MoCapDeform: Monocular 3D Human Motion Capture in Deformable Scenes
It addresses a challenging, ill-posed problem for computer vision and robotics, enabling more accurate human pose estimation in complex, deformable environments, though it appears incremental as it builds on prior motion capture work by adding deformation modeling.
The paper tackles the problem of 3D human motion capture from monocular RGB images in deformable scenes, proposing MoCapDeform, which explicitly models non-rigid scene deformations and achieves superior accuracy compared to existing methods on multiple datasets.

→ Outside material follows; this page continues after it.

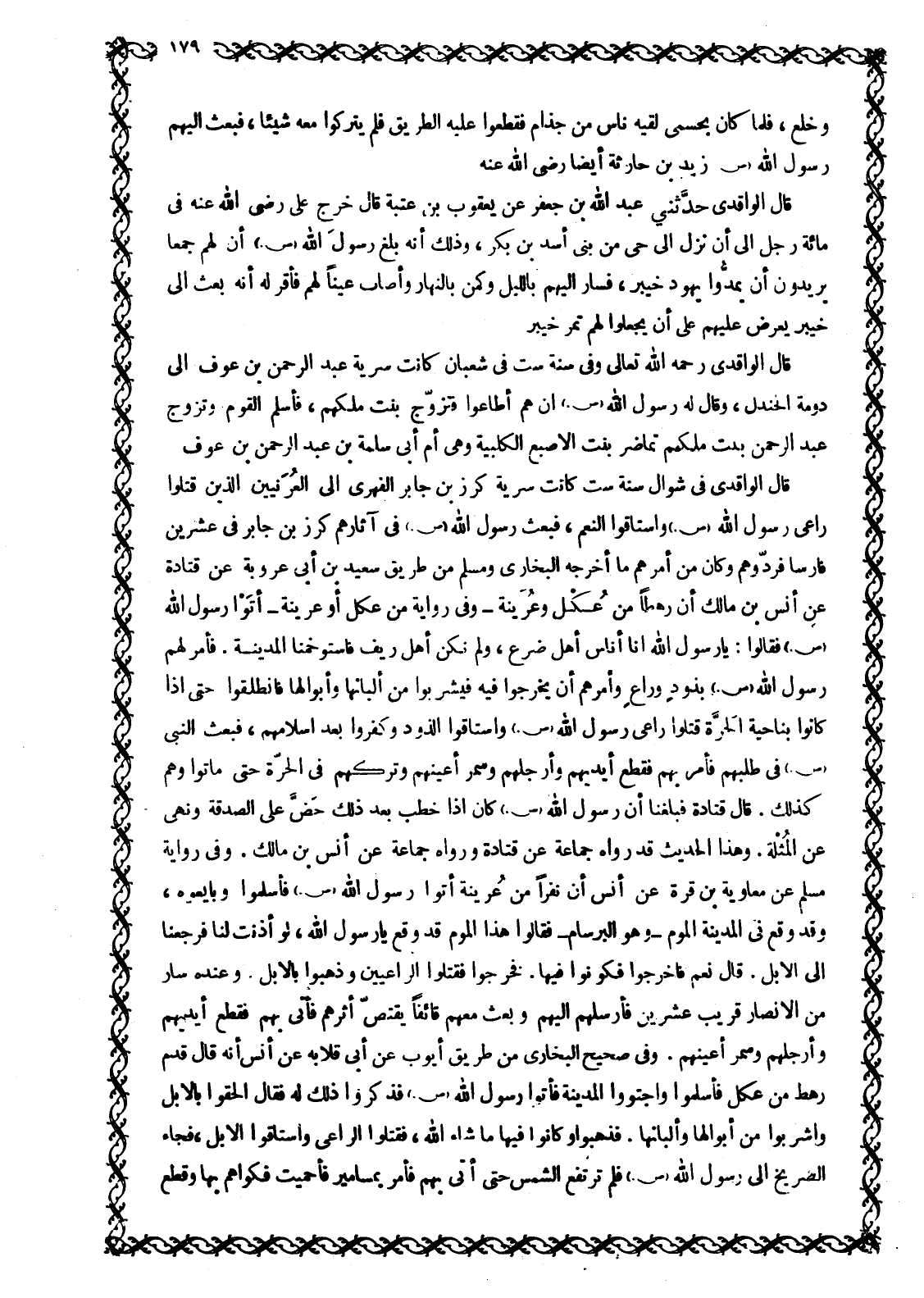 وَخِلَعٍ، فَلَمَّا كَانَ بِحِسْمَى لَقِيَهُ نَاسٌ مِنْ جُذَامٍ فَقَطَعُوا عَلَيْهِ الطَّرِيقَ فَلَمْ يَتْرُكُوا مَعَهُ شَيْئًا، فَبَعَثَ إِلَيْهِمْ رَسُولُ اللَّهِ صَلَّى اللَّهُ عَلَيْهِ وَسَلَّمَ زَيْدَ بْنَ حَارِثَةَ أَيْضًا رَضِيَ اللَّهُ عَنْهُ قَالَ الْوَاقِدِيُّ حَدَّثَنِي عَبْدُ اللَّهِ بْنُ جَعْفَرٍ عَنْ يَعْقُوبَ بْنِ عُتْبَةَ قَالَ خَرَجَ عَلِيٌّ رَضِيَ اللَّهُ عَنْهُ فِي مِائَةِ رَجُلٍ إِلَى أَنْ نَزَلَ إِلَى حَيٍّ مِنْ بنى أسد بْنِ بَكْرٍ، وَذَلِكَ أَنَّهُ بَلَغَ رَسُولُ اللَّهِ صَلَّى اللَّهُ عَلَيْهِ وَسَلَّمَ أَنَّ لَهُمْ جَمْعًا يُرِيدُونَ أَنْ يُمِدُّوا يَهُودَ خَيْبَرَ، فَسَارَ إِلَيْهِمْ بِاللَّيْلِ وَكَمَنَ بِالنَّهَارِ وَأَصَابَ عَيْنًا لَهُمْ فَأَقَرَّ لَهُ أَنَّهُ بُعِثَ إِلَى خَيْبَرَ يَعْرِضُ عَلَيْهِمْ عَلَى أَنْ يَجْعَلُوا لَهُمْ تَمْرَ خَيْبَرَ قَالَ الْوَاقِدِيُّ رَحِمَهُ اللَّهُ تَعَالَى وَفِي سَنَةِ سِتٍّ في شعبان كَانَتْ سَرِيَّةُ عَبْدِ الرَّحْمَنِ بْنِ عَوْفٍ إِلَى دَوْمَةِ الْجَنْدَلِ، وَقَالَ لَهُ رَسُولُ اللَّهِ صَلَّى اللَّهُ عَلَيْهِ وَسَلَّمَ إِنْ هُمْ أَطَاعُوا فَتَزَوَّجْ بِنْتَ مَلِكِهِمْ، فَأَسْلَمَ الْقَوْمُ وَتَزَوَّجَ عَبْدُ الرَّحْمَنِ بنت ملكهم تماضر بنت الإصبع الْكَلْبِيَّةَ وَهِيَ أُمُّ أَبِي سَلَمَةَ بْنِ عَبْدِ الرَّحْمَنِ بْنِ عَوْفٍ قَالَ الْوَاقِدِيُّ فِي شَوَّالٍ سَنَةَ سِتٍّ كَانَتْ سَرِيَّةُ كُرْزِ بْنِ جَابِرٍ الْفِهْرِيِّ إِلَى الْعُرَنِيِّينَ الَّذِينَ قَتَلُوا رَاعِيَ رَسُولِ اللَّهِ صَلَّى اللَّهُ عَلَيْهِ وَسَلَّمَ وَاسْتَاقُوا النَّعَمَ، فَبُعِثَ رَسُولُ اللَّهِ صَلَّى اللَّهُ عَلَيْهِ وَسَلَّمَ فِي آثَارِهِمْ كُرْزَ بْنَ جَابِرٍ فِي عِشْرِينَ فارسا فردّوهم وكان مِنْ أَمْرِهِمْ مَا أَخْرَجَهُ الْبُخَارِيُّ وَمُسْلِمٌ مِنْ طَرِيقِ سَعِيدِ بْنِ أَبِي عَرُوبَةَ عَنْ قَتَادَةَ عَنِ أَنَسِ بْنِ مَالِكٍ أَنَّ رَهْطًا مِنْ عُكْلٍ وَعُرَيْنَةَ- وَفِي رِوَايَةٍ مِنْ عُكْلٍ أَوْ عُرَيْنَةَ- أَتَوْا رَسُولِ اللَّهِ صَلَّى اللَّهُ عَلَيْهِ وَسَلَّمَ فَقَالُوا: يَا رَسُولَ اللَّهِ إِنَّا أُنَاسٌ أَهْلُ ضَرْعٍ، وَلَمْ نَكُنْ أَهْلَ رِيفٍ فَاسْتَوْخَمْنَا الْمَدِينَةَ. فَأَمَرَ لَهُمْ رَسُولُ اللَّهِ صَلَّى اللَّهُ عَلَيْهِ وَسَلَّمَ بِذَوْدٍ وَرَاعٍ وَأَمَرَهُمْ أَنْ يَخْرُجُوا فيه فَيَشْرَبُوا مِنْ أَلْبَانِهَا وَأَبْوَالِهَا فَانْطَلَقُوا حَتَّى إِذَا كانوا بناحية الْحَرَّةِ قَتَلُوا رَاعِيَ رَسُولِ اللَّهِ صَلَّى اللَّهُ عَلَيْهِ وَسَلَّمَ وَاسْتَاقُوا الذَّوْدَ وَكَفَرُوا بَعْدَ إِسْلَامِهِمْ، فَبَعَثَ النَّبِيُّ صَلَّى اللَّهُ عَلَيْهِ وَسَلَّمَ فِي طَلَبِهِمْ فَأَمَرَ بِهِمْ فَقَطَعَ أَيْدِيَهُمْ وَأَرْجُلَهُمْ وَسَمَرَ أعينهم وتركهم في الْحَرَّةِ حَتَّى مَاتُوا وَهُمْ كَذَلِكَ. قَالَ قَتَادَةُ فَبَلَغَنَا أَنَّ رَسُولَ اللَّهِ صَلَّى اللَّهُ عَلَيْهِ وَسَلَّمَ كَانَ إِذَا خَطَبَ بَعْدَ ذَلِكَ حَضَّ عَلَى الصَّدَقَةِ وَنَهَى عَنِ الْمُثْلَةِ. وَهَذَا الْحَدِيثُ قَدْ رَوَاهُ جَمَاعَةٌ عَنْ قَتَادَةَ وَرَوَاهُ جَمَاعَةٌ عَنْ أَنَسِ بْنِ مَالِكٍ. وَفِي رِوَايَةِ مُسْلِمٍ عَنْ مُعَاوِيَةَ بْنِ قُرَّةَ عَنْ أَنَسٍ أَنَّ نَفَرًا مِنْ عُرَيْنَةَ أَتَوْا رَسُولُ اللَّهِ صَلَّى اللَّهُ عَلَيْهِ وَسَلَّمَ فَأَسْلَمُوا وَبَايَعُوهُ، وَقَدْ وَقَعَ فِي الْمَدِينَةِ الْمُومُ- وَهُوَ الْبِرْسَامُ- فَقَالُوا هَذَا الموم قد وقع يا رسول الله، لو أَذِنْتَ لَنَا فَرَجَعْنَا إِلَى الْإِبِلِ. قَالَ نَعَمْ فَاخْرُجُوا فَكُونُوا فِيهَا. فَخَرَجُوا فَقَتَلُوا الرَّاعِيَيْنِ وَذَهَبُوا بالإبل وعنده سار من الأنصا

3D human motion capture from monocular RGB images respecting interactions of a subject with complex and possibly deformable environments is a very challenging, ill-posed and under-explored problem. Existing methods address it only weakly and do not model possible surface deformations often occurring when humans interact with scene surfaces. In contrast, this paper proposes MoCapDeform, i.e., a new framework for monocular 3D human motion capture that is the first to explicitly model non-rigid deformations of a 3D scene for improved 3D human pose estimation and deformable environment reconstruction. MoCapDeform accepts a monocular RGB video and a 3D scene mesh aligned in the camera space. It first localises a subject in the input monocular video along with dense contact labels using a new raycasting based strategy. Next, our human-environment interaction constraints are leveraged to jointly optimise global 3D human poses and non-rigid surface deformations. MoCapDeform achieves superior accuracy than competing methods on several datasets, including our newly recorded one with deforming background scenes.